■ PROBLEM DESCRIPTION: While you copy the lines below, skip the pictures and keep the rest exact.

■ DATA BLOCK:
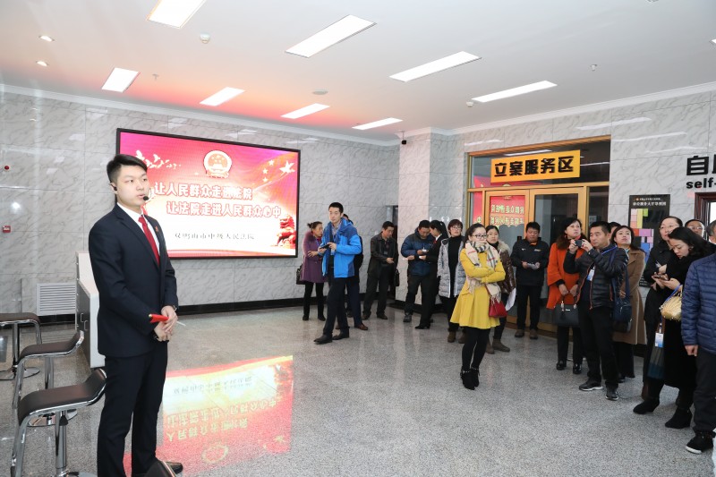 在工作人员的讲解下,参观人员对诉讼服务中心和科技法庭、司法公开三大平台、科技法庭的同步录音录相、庭审同步直播大加赞许。
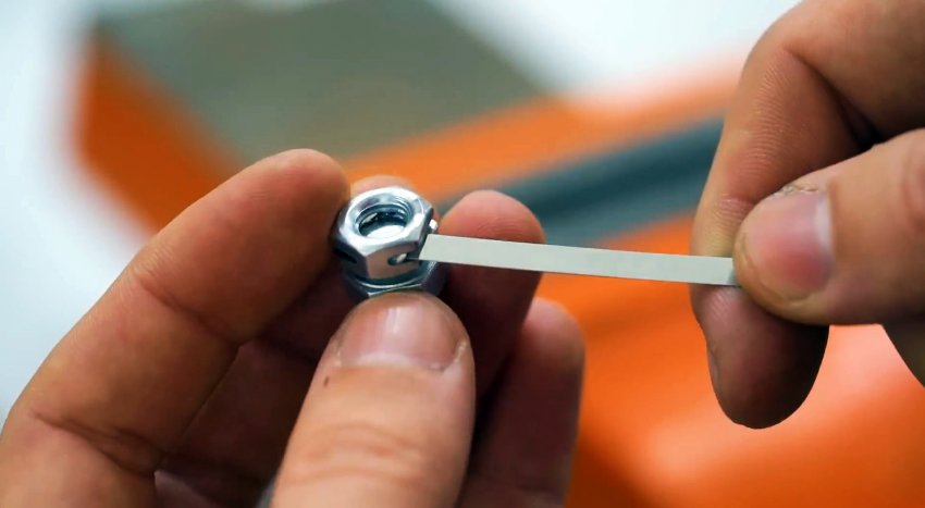 В стандартной шестигранной гайке выполняем с двух сторон поперечные пропилы без их соединения.
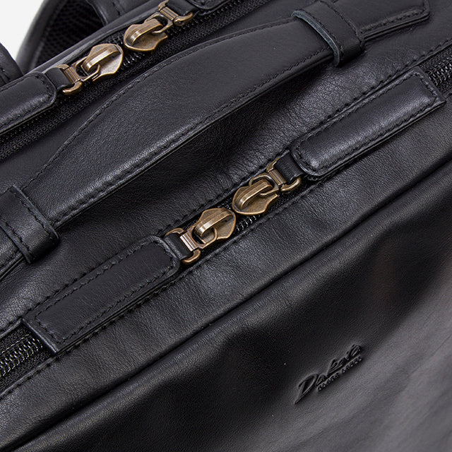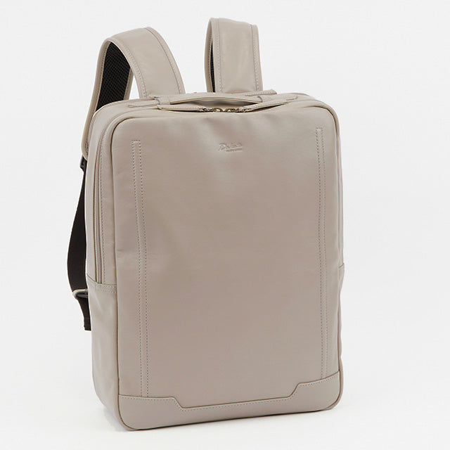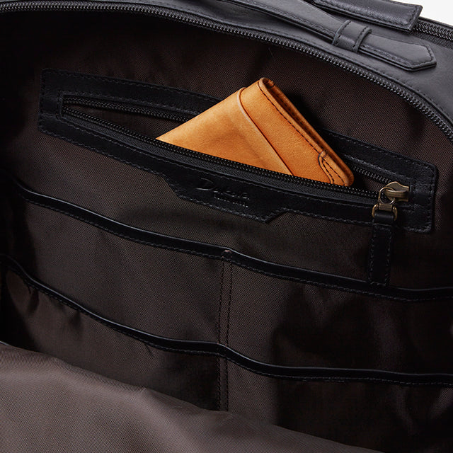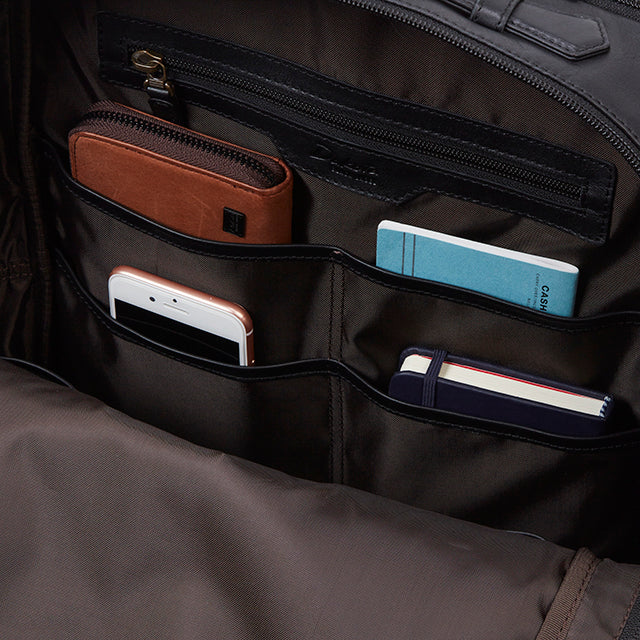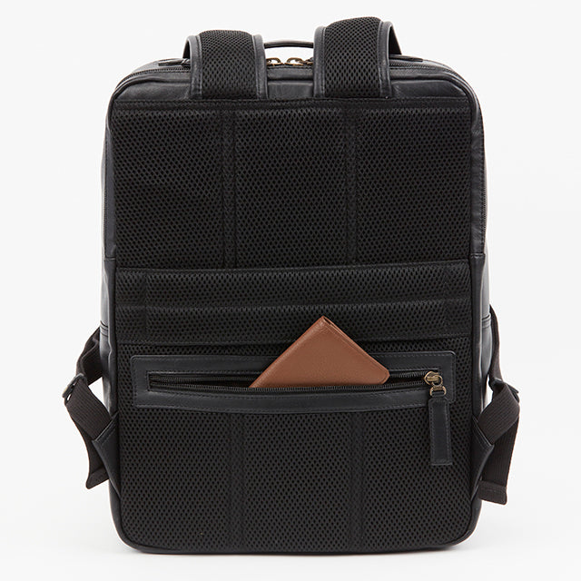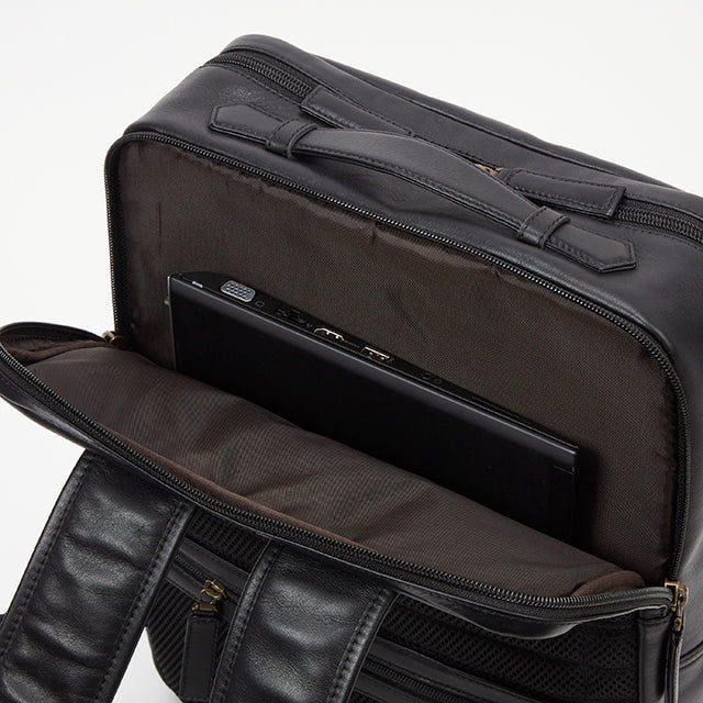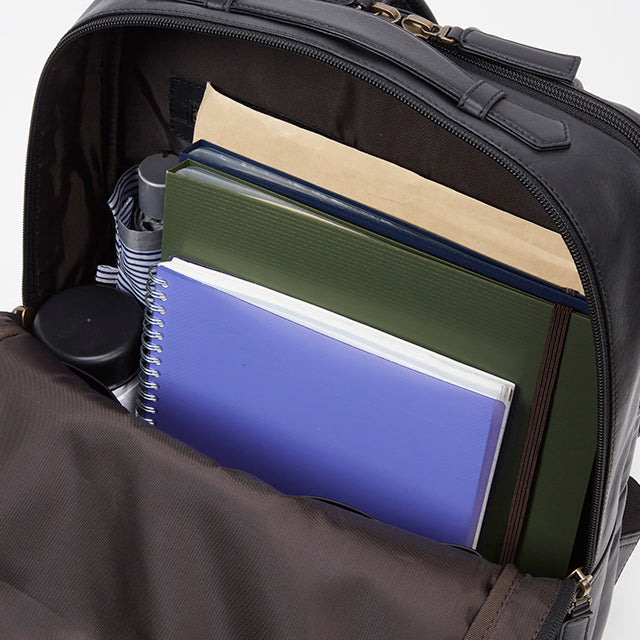スクエアフォルムで使いやすいビジネスリュックです。撥水加工を施しているので、外出先での急な雨でも安心してお持ちいただけます。A4資料が入る封筒も楽々入るサイズ感です。収納スペースは2層式なので、PCや資料と私物などを分けて収納することができ非常に便利です。

■ WRITTEN SOLUTION:
 在工作人员的讲解下,参观人员对诉讼服务中心和科技法庭、司法公开三大平台、科技法庭的同步录音录相、庭审同步直播大加赞许。
 В стандартной шестигранной гайке выполняем с двух сторон поперечные пропилы без их соединения.
スクエアフォルムで使いやすいビジネスリュックです。撥水加工を施しているので、外出先での急な雨でも安心してお持ちいただけます。A4資料が入る封筒も楽々入るサイズ感です。収納スペースは2層式なので、PCや資料と私物などを分けて収納することができ非常に便利です。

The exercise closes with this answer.